How are the Tories going to pay for it? Will they raise VAT on families and pensioners again? It's no wonder the Tories are so desperate to block Labour's plans to allow the independent Office for Budget Responsibility to audit the spending and tax plans of the main political parties.

The only thing we have learnt for sure this week from the Tories is that they're going to cut tax credits for millions of hard working people. This announcement on Monday means that a one earner family with two children on £25,000 a year will lose £495 by 2017/18. This week, the Institute of Fiscal Studies showed that the changes in the personal allowance will see the same family's income increase by just £176 in 2020/21.

So while working families see their incomes decrease, Wednesday's announcements means that the Prime Minister and Cabinet Minister will see their incomes increase by 2020/21. And let's not forget that the richest one per cent will keep a £3billion tax cut. This doesn't look like "we're all in this together" to me.

And if there is one decision taken by the Tories that tells us all we need to know about their priorities and who they stand for, then their tax cut for millionaires is it. Labour will balance the books as soon as possible in the next Parliament, but we will make fairer choices. A Labour Government would cut taxes for millions on middle and low incomes with a lower 10p starting rate of tax and reintroduce a top rate of 50p for those earning over £150,000.

And we will reverse the neglect of the NHS under the Tories.

Despite everything he says, David Cameron has made it harder, not easier, to get a GP appointment. After the election, it was David Cameron who scrapped Labour's GP appointment guarantee and cut support for evening and weekend opening. The Prime Minister's broken promises on the NHS have now caught up with him.

So the next Labour Government will guarantee a GP appointment within 48 hours or a same-day consultation with a doctor or nurse for those who need it. And, as Ed Miliband and Ed Balls outlined last week, Labour's plan for the NHS means extra funding and a commitment to recruit 8000 more GPs and 20,000 more nurses. But, unlike David Cameron, we can tell you how we will pay for our plans.

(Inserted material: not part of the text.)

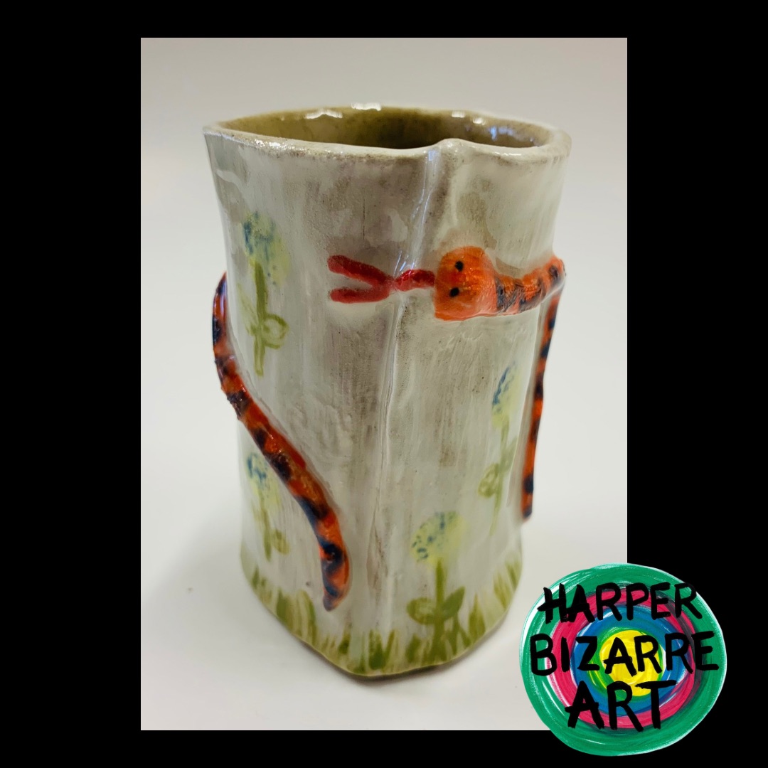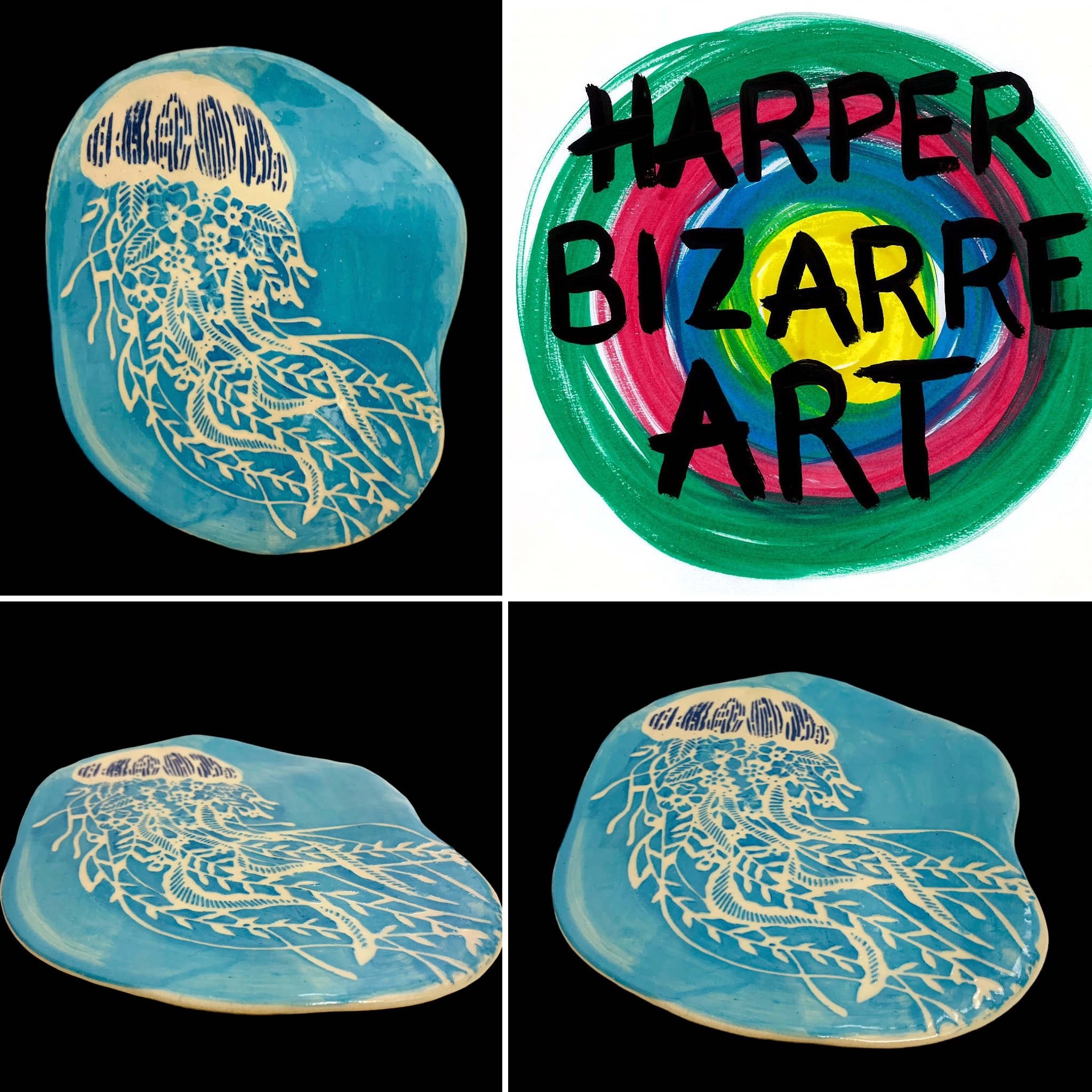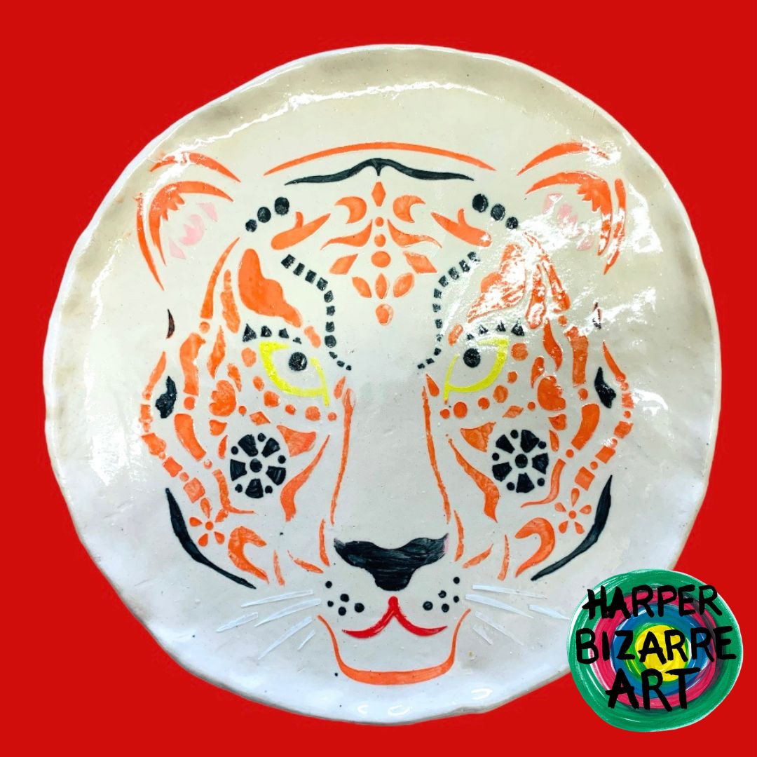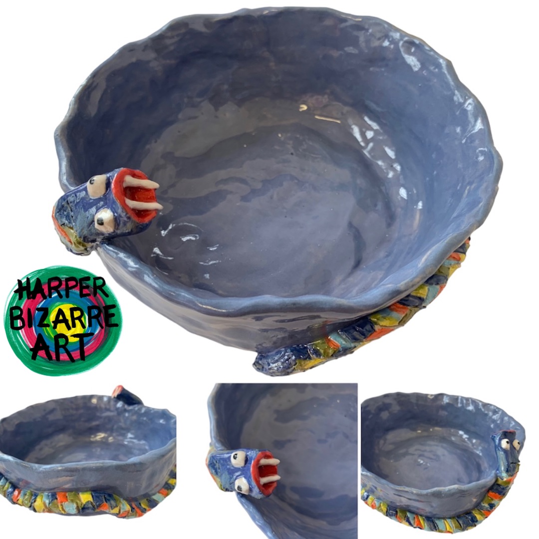 You can view a selection of my ceramic works here, all were designed and handmade by Harper Bizarre Art, and some are available in my online shop.

The £2.5billion NHS Time to Care Fund will be funded by a mansion tax on homes worth more than £2million, tackling tax avoidance and asking tobacco firms to pay their fair share. This commitment is something the Tories won't match.

The truth is that only Labour will reward people who work hard and only Labour will save the NHS on which we all rely.

The truth is that the Tories will never build a better future for working people because they stand up only for a privileged few.

The truth is that working people cannot afford five more years of David Cameron.